YOUR ASSIGNMENT: Would you write out the lines below exactly, from the one containing "bakul penyimpanan bertangkai." to the very last, but without the pictures?

Stored data entries
================
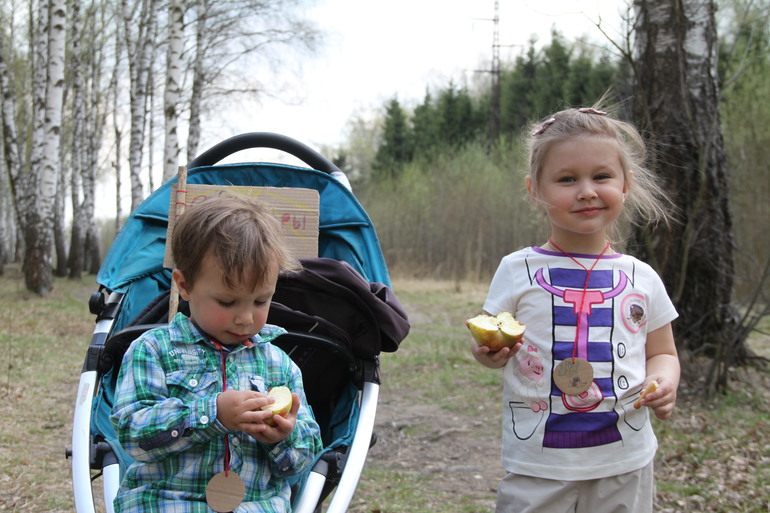 Позавчера было вполне себе лето, так что вместо детской площадки мы с подругой и детьми отправились в ближайший лесок.
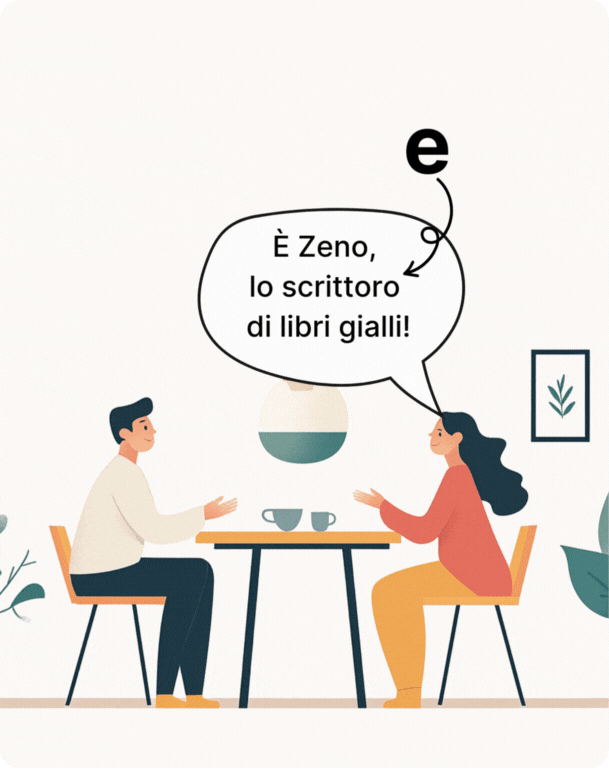 Chi? Il signore con la pipa tra le mani? Ah! Ma lui è Zeno, lo scrittore di libri gialli, inventa storie originali e travolgenti. Non importa se il clima è bello o brutto lui va in giro per la città con Miro, il suo gatto rosso e ascolta la gente che chiacchiera. Se guardi la televisione, a volte è l’ospite del programma notturno di casi irrisolti. Per Zeno non esistono verità nascoste, lui è un ottimo investigatore e trova sempre la spiegazione giusta anche per gli enigmi più complicati!
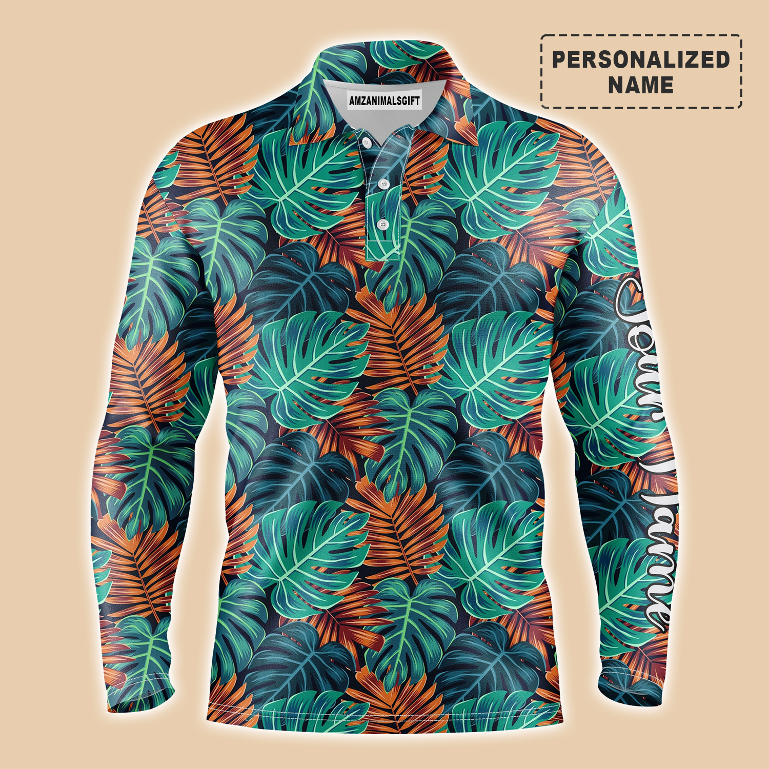 Monstera And Palm Leaves Nature Tropical Pattern Long Sleeve Polo Shirt Custom Name Apparel, Personalized Outfit For Men And Women
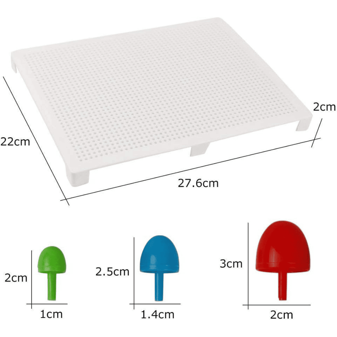 • Set mengandungi 296 keping pin cendawan pelbagai saiz dan warna, 1 papan peg (pegboard), dan 1 bakul penyimpanan bertangkai.
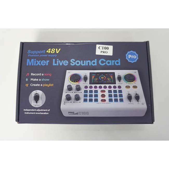 Soundcard livestream C100 Pro là soundcard livestream, soundcard có 15 hiệu ứng và có hỗ trơ nguồn 48V cho micro condenser. Soundcard có kết nối bluetooth để lấy nhạc và livestream 2 điện thoại cùng lúc.
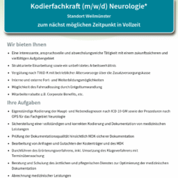 Kodierfachkraft (m/w/d) Neurologie* am Standort Weilmünster
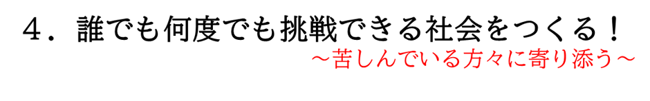 強い人がもっと強くなり、そして弱い人がもっと弱くなる。そんな社会にしてはいけません。強い人も弱い人も同じ社会で生きている。だからこそ、皆でもっと住みやすく、やさしい社会にしていかなければなりません。
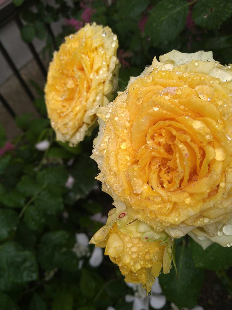 どちらも花持ちが良く☔の中頑張って咲いてます
================
WRITTEN SOLUTION:
 • Set mengandungi 296 keping pin cendawan pelbagai saiz dan warna, 1 papan peg (pegboard), dan 1 bakul penyimpanan bertangkai.
 Soundcard livestream C100 Pro là soundcard livestream, soundcard có 15 hiệu ứng và có hỗ trơ nguồn 48V cho micro condenser. Soundcard có kết nối bluetooth để lấy nhạc và livestream 2 điện thoại cùng lúc.
 Kodierfachkraft (m/w/d) Neurologie* am Standort Weilmünster
 強い人がもっと強くなり、そして弱い人がもっと弱くなる。そんな社会にしてはいけません。強い人も弱い人も同じ社会で生きている。だからこそ、皆でもっと住みやすく、やさしい社会にしていかなければなりません。
 どちらも花持ちが良く☔の中頑張って咲いてます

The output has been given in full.